Busca su llave en el bolsillo y la desliza en la cerradura. Cuando entramos, la habitación está en calma. Tanta acción ha rodeado este lugar desde el día de ayer, tantas intrusiones ilegales y vigilantes y policías, que es inquietante verlo vacío y a oscuras. Paul entra distraídamente en el dormitorio para dejar su abrigo. Por instinto, levanto el teléfono y reviso nuestro contestador.
«Hola, Tom -comienza la voz de Gil a través de un silbido de estática-. Trataré de hablar con vosotros más tarde, pero… parece que después de todo no podré volver al hospital, así que… Charlie de mi parte… Tom… corbata negra. Puedes tomar… necesites.»
Corbata negra. El baile.
Ya ha empezado el segundo mensaje.
«Tom, soy Katie. Sólo quería decirte que iré al club para ayudar con los preparativos en cuanto termine aquí en el cuarto oscuro. Creo que dijiste que vendrías con Gil. -Pausa-. Así que supongo que esta noche hablaremos.»
Vacila antes de colgar, como si no estuviera segura de haber puesto el énfasis correcto en esas últimas palabras, el recordatorio de un asunto incompleto.
– ¿Qué sucede? -dice Paul desde la habitación contigua.
– Tengo que prepararme -digo en voz baja, intuyendo el giro que las cosas están tomando.
Paul sale de la habitación.
– ¿Para qué?
– Para el baile.
Paul no lo entiende. No le he contado lo que Katie y yo hemos discutido en el cuarto oscuro. Lo que he visto el día de hoy todo lo que Paul me ha contado, ha puesto el mundo patas arriba.
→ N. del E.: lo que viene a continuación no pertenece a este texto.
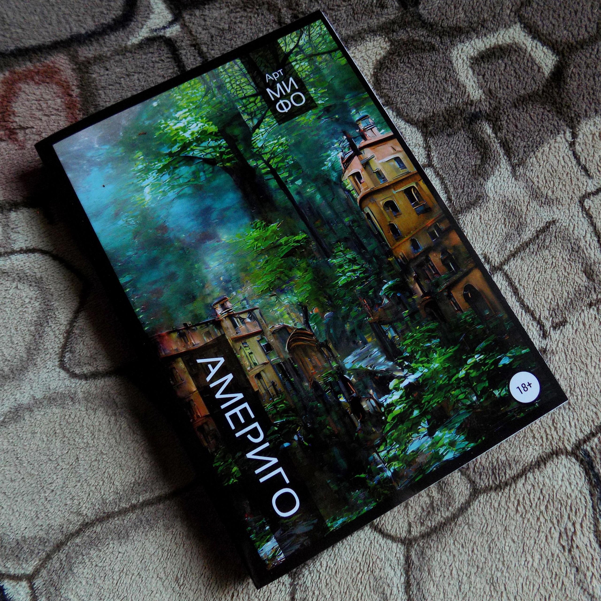 Эта обложка, отвечающая сюрреалистическому настроению книги, была сделана c помощью приложения Dream от WOMBO, когда генерация картинок по описанию была еще в диковинку. Сейчас такой результат впору сравнить с наскальной живописью. Знаю, что вы думаете!

Pero en el silencio subsiguiente, me encuentro con que estoy donde siempre he estado. La antigua amante a la que he renunciado ha vuelto para tentarme. Hay en esto un ciclo; hasta este momento, he estado demasiado absorto en él para poder romperlo. El libro de Colonna me halaga con imágenes de perfección, una irrealidad en la que puedo habitar a cambio del mínimo precio de mi devoción enloquecida, mi retiro del mundo. Francesco, tras inventar esta curiosa operación, inventó también su nombre: Hypnerotomachia, la búsqueda en sueños del amor. Si alguna vez hubo un tiempo propicio para la quietud, para resistirse a esa lucha y a su sueño; si alguna vez hubo un tiempo propicio para recordar un amor que se ha dedicado a mí con locura, para recordar la promesa que le he hecho a Katie, es ahora.
En cambio, repite en voz baja un chiste que he escuchado mil veces en boca de Gil. Paul no tiene otras palabras para describir lo que siente.
– El último hombre en la tierra entra en un bar -murmura-. ¿Qué dice?
Paul vuelve la cabeza hacia la ventana, pero no termina el chiste. Ambos sabemos lo que dice el último hombre sobre la tierra. Mira fijamente su cerveza, solo y perdido, y dice: «Cerveza, quisiera otro camarero».
– Lo siento -le digo.
Pero Paul ya está en otra parte.
– Tengo que encontrar a Richard -murmura.
– ¿Paul?
Se da la vuelta.
– ¿Qué?
– ¿Para qué quieres encontrar a Curry?
– ¿Recuerdas lo que te he preguntado antes, de camino a Firestone? -dice-. ¿Qué habría sucedido si nunca hubiera cogido el libro de tu padre? ¿Recuerdas lo que me respondiste?
– Dije que nunca nos habríamos conocido.
Se produjeron mil pequeñas casualidades para que Paul y yo nos conociéramos, para que estuviéramos juntos aquí y ahora. A partir de los destrozos de quinientos años, el destino ha construido un castillo en el aire para que un par de chicos universitarios puedan ser reyes. Lo que Paul quiere decir es: y así es como respondes.
– Cuando veas a Gil -dice, recogiendo su abrigo del suelo-, dile que puede recuperar el Salón Presidencial. Ya no lo necesito.
Pienso en su coche, que está averiado en alguna calle lateral cercana al Instituto, y lo imagino caminando por entre la nieve, yendo a buscar a Curry.
– No deberías ir solo -empiezo.
Pero solo es como siempre ha ido. Cuando se lo digo, Paul ya ha cruzado la puerta
Lo habría seguido si el hospital no hubiera llamado, un minuto después, para transmitirme un mensaje de Charlie
– ¿Qué sucede? -pregunta Paul.
No sé cómo decírselo. No sé muy bien qué le quiero decir.
– Toma -le digo, extendiendo el brazo.
Pero él no se mueve.
– Toma el mapa.
– ¿Por qué? -Al principio sólo parece perplejo, demasiado excitado para moverse.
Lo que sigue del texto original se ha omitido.